- Records for processing
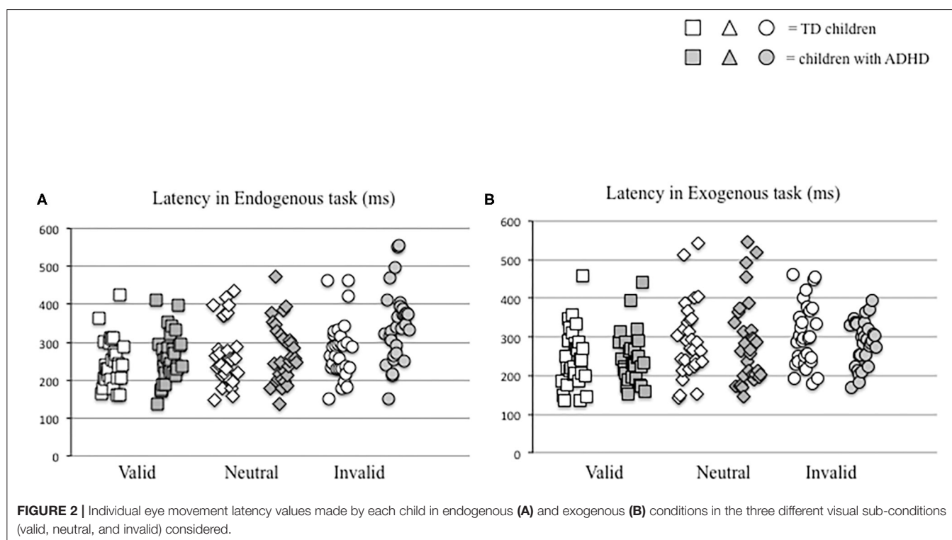
FIGURE 2 | Individual eye movement latency values made by each child in endogenous (A) and exogenous (B) conditions in the three different visual sub-conditions (valid, neutral, and invalid) considered.

(see Table 2B ) showed a significant difference of the number of errors in the endogenous condition for the neutral sub-condition ( p < 0.03 ), and in the exogenous condition for the neutral and invalid sub-condition ( p < 0.004 and p < 0.01 , respectively); children with ADHD showed a higher number of errors in the endogenous condition for the neutral sub-condition and in the exogenous condition for the neutral and invalid sub-condition when compared to TD children.
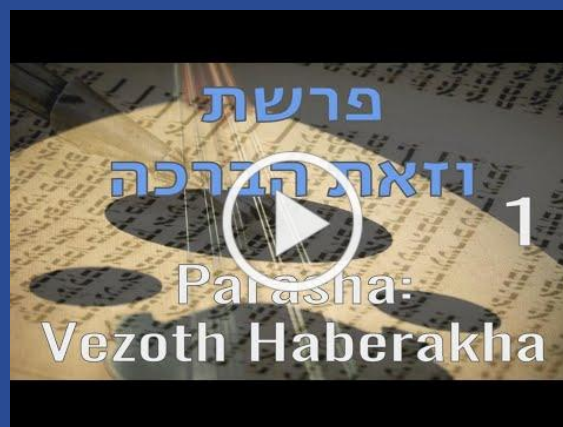
Full Playlist from Hazzan Jalali
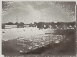
Charlotte Memorial Stadium

The CIAA football championship game, re-instituted in 2000, has been played in Durham and Winston-Salem over the past seven seasons. Durham's O'Kelly-Riddick Stadium hosted the first game in 2000 and the last four. The game
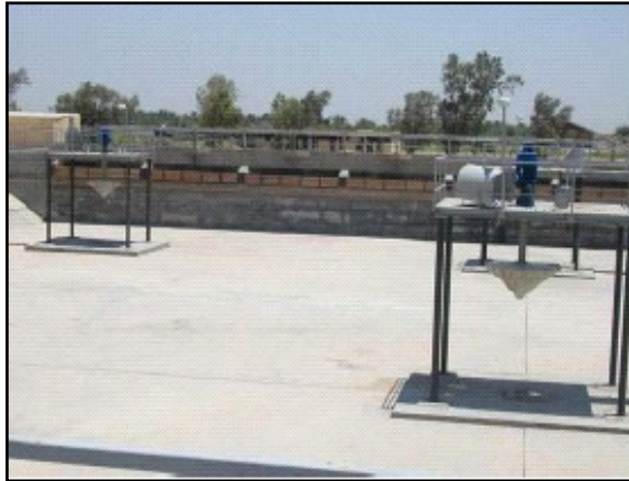
A wastewater treatment plant in central Iraq
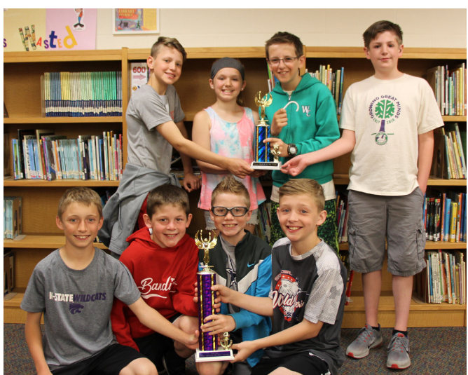
Prepared by USD 230 to educate patrons about the September 6, 2018 mail-in bond election.
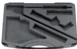
Transport and Storage case for short and medium-length Endoscope

- About this exercise
Show all lines from the records above where the word "Stadium" occurs.

- Worked solution
Charlotte Memorial Stadium
The CIAA football championship game, re-instituted in 2000, has been played in Durham and Winston-Salem over the past seven seasons. Durham's O'Kelly-Riddick Stadium hosted the first game in 2000 and the last four. The game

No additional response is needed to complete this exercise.